Abstract Background aims Recent studies have proposed that cellular transplantation may have some regenerative and functional efficacy in the treatment of cerebral palsy (CP); however, much remains to be understood regarding its safety, feasibility and efficacy. This study was initiated to evaluate the safety of autologous bone marrow–derived CD133+ cell intrathecal injection. Methods Children ( n = 12), aged 4 to 12 years, who were diagnosed with different types of CP underwent BM aspiration. CD133+ cells were enriched from the BM samples and intrathecally injected.
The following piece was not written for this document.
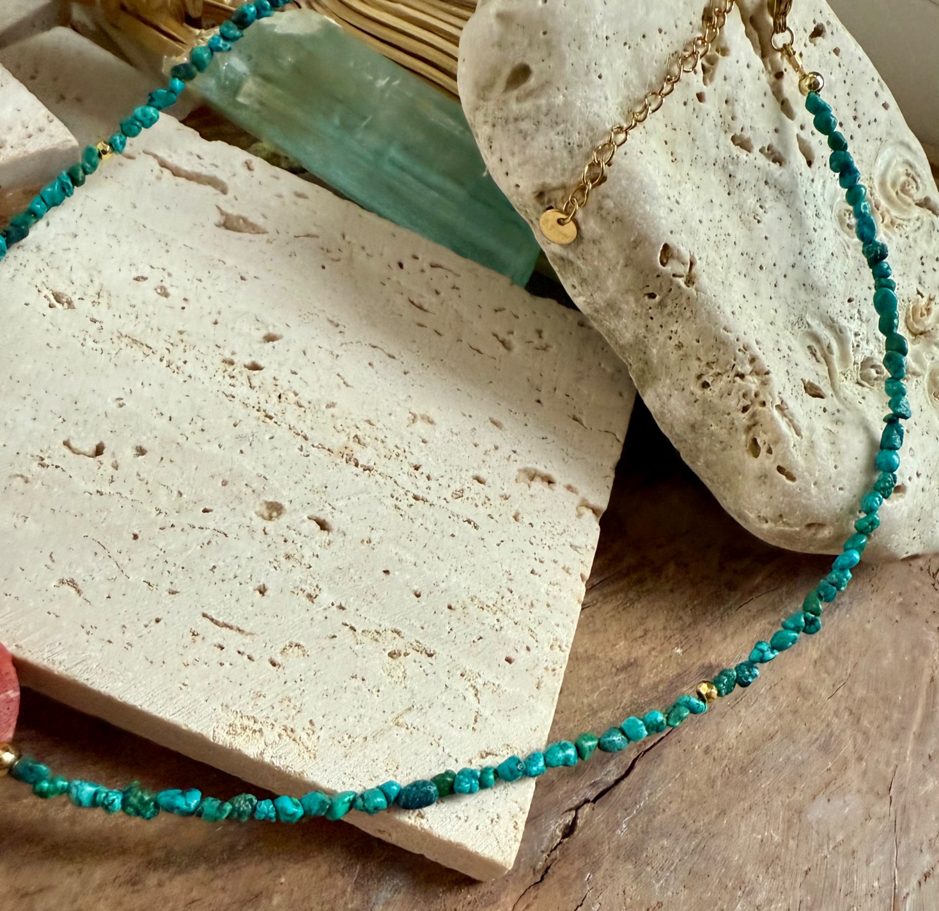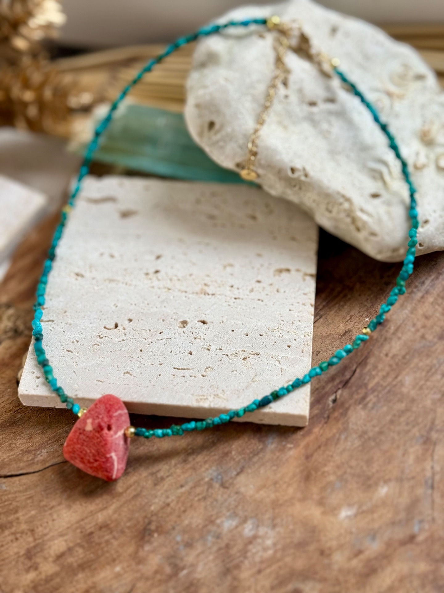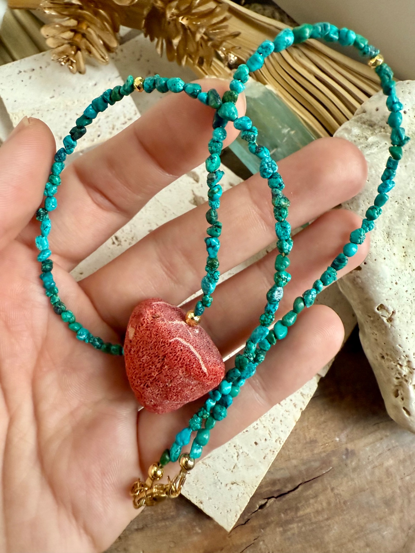 Tento výnimočný náhrdelník v sebe nesie silu oceánu aj múdrosť Zeme. Vytvorený z nepravidelných tyrkysových nugetov a doplnený o surový hubový koral, pôsobí ako talizman pre ženy, ktoré kráčajú vlastnou cestou.

The Gross Motor Function Measure (GMFM-66), Gross Motor Function Classification System (GMFCS), UK FIM+FAM, Functional Independence Measure (FIM) and Functional Assessment Measure (FAM) were assessed at baseline and 6 months after the procedure. Patients' ability to balance was measured by the Berg Balance Scale (BBS), and severity of spasticity was evaluated by the Modified Ashworth Scale. Magnetic resonance imaging was done at baseline and 6 months after therapy. This study was registered in ClinicalTrials.gov ( NCT01404663 ). Results There were no adverse events detected by clinical and laboratory tests or imaging studies, with the exception of a seizure in 1 patient. A significant improvement was observed 6 months after cell transplantation versus baseline according to GMFM, GMFCS, FIM+FAM, Ashworth Scale, and BBS outcomes. Conclusions Subarachnoid injection of CD133-positive enriched bone marrow progenitor cells in children with CP is a safe approach. The results suggest a possible short-term improvement in neurological function.